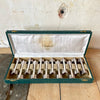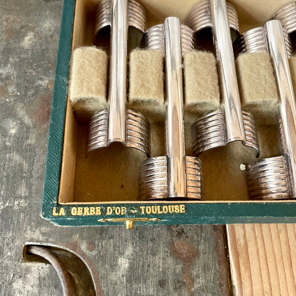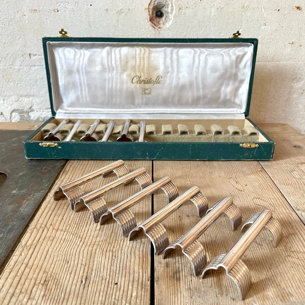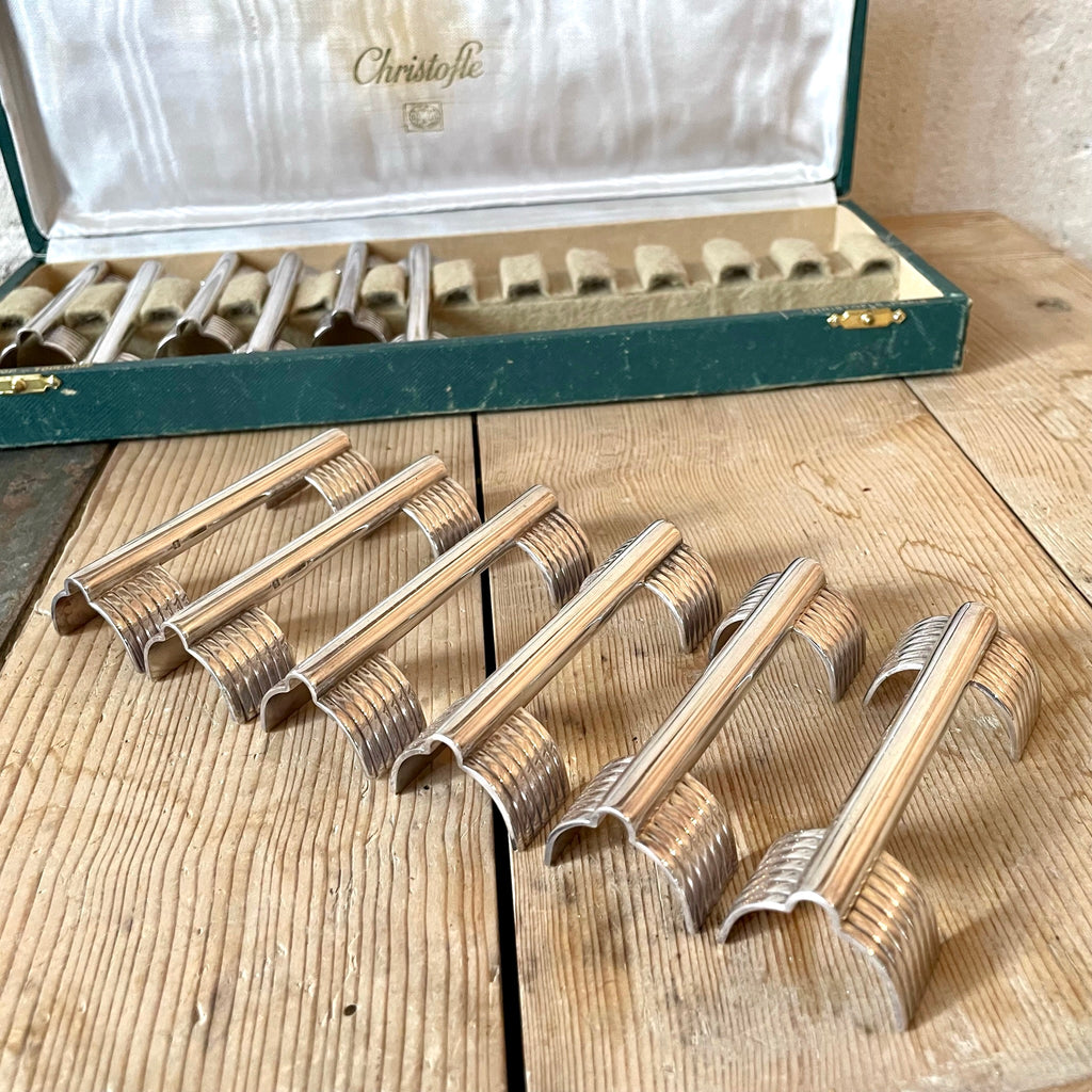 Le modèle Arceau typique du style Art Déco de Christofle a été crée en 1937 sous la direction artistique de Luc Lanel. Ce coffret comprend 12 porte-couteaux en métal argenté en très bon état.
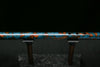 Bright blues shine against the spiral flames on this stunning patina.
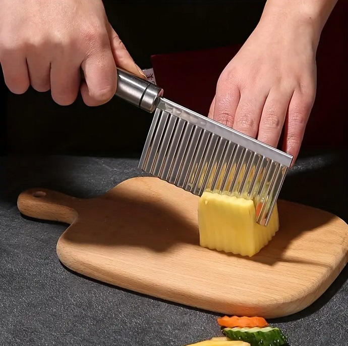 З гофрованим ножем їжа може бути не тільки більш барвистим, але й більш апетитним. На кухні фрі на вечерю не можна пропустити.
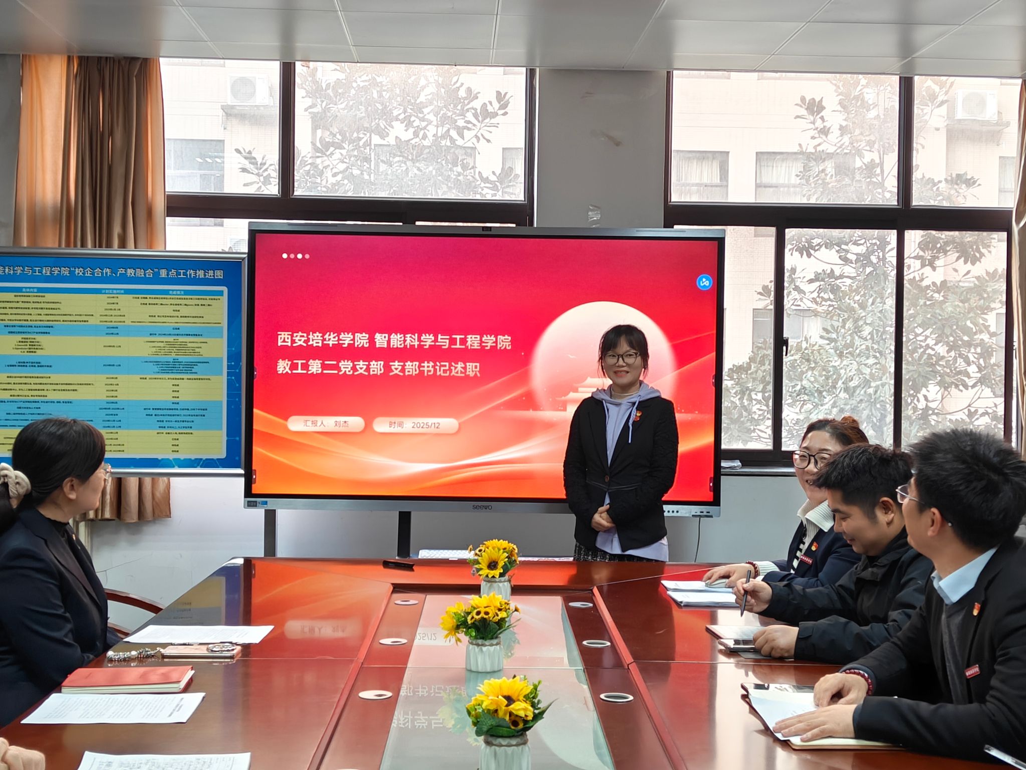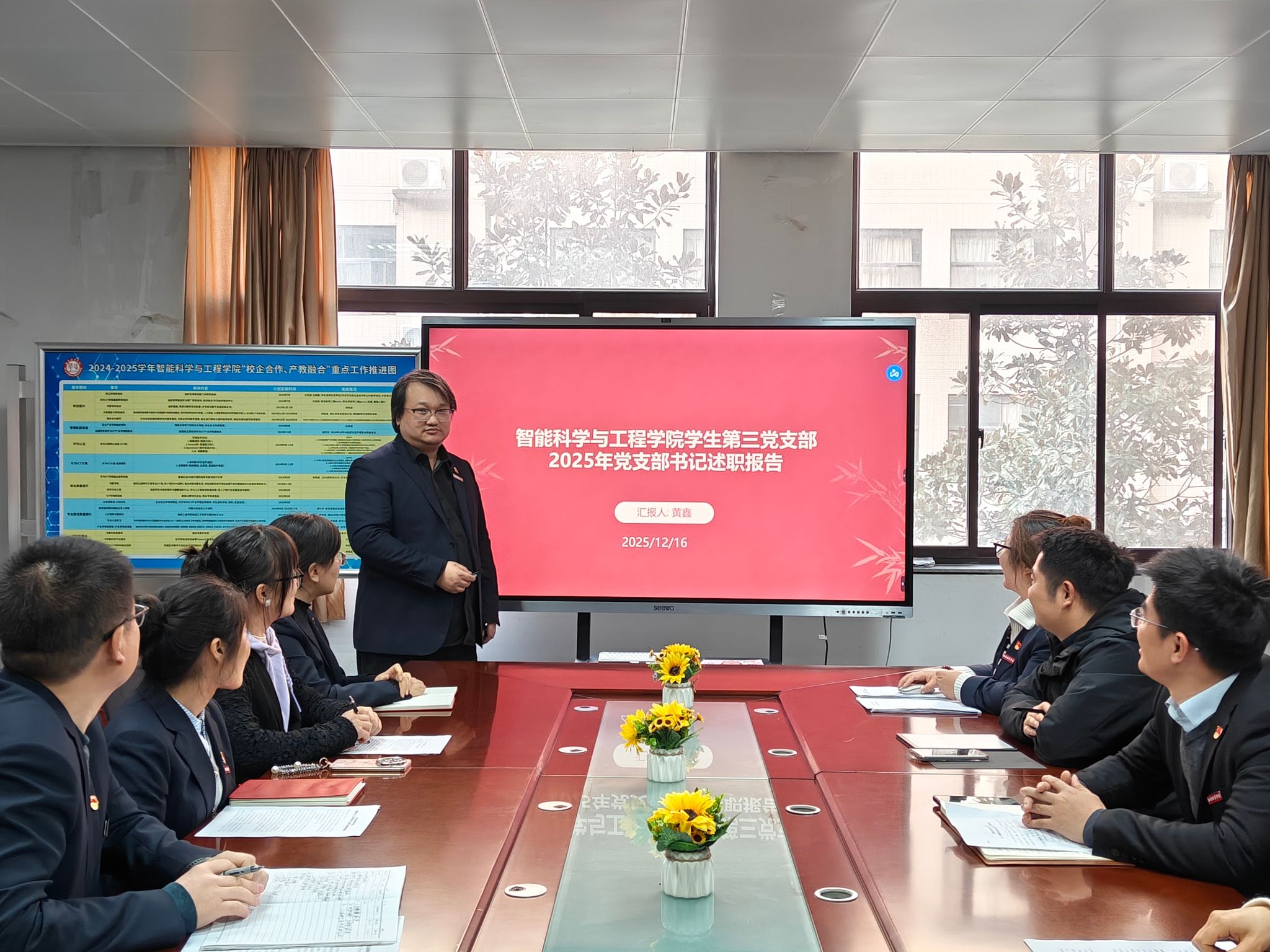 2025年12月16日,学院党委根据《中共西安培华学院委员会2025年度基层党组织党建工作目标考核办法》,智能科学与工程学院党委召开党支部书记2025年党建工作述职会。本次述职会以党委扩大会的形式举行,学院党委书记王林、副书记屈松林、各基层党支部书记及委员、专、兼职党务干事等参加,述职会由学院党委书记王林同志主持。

§

• ABOUT THIS TASK: The data above must be given back verbatim, minus its images.

• TASK RESPONSE:
 Le modèle Arceau typique du style Art Déco de Christofle a été crée en 1937 sous la direction artistique de Luc Lanel. Ce coffret comprend 12 porte-couteaux en métal argenté en très bon état.
 Bright blues shine against the spiral flames on this stunning patina.
 З гофрованим ножем їжа може бути не тільки більш барвистим, але й більш апетитним. На кухні фрі на вечерю не можна пропустити.
 2025年12月16日,学院党委根据《中共西安培华学院委员会2025年度基层党组织党建工作目标考核办法》,智能科学与工程学院党委召开党支部书记2025年党建工作述职会。本次述职会以党委扩大会的形式举行,学院党委书记王林、副书记屈松林、各基层党支部书记及委员、专、兼职党务干事等参加,述职会由学院党委书记王林同志主持。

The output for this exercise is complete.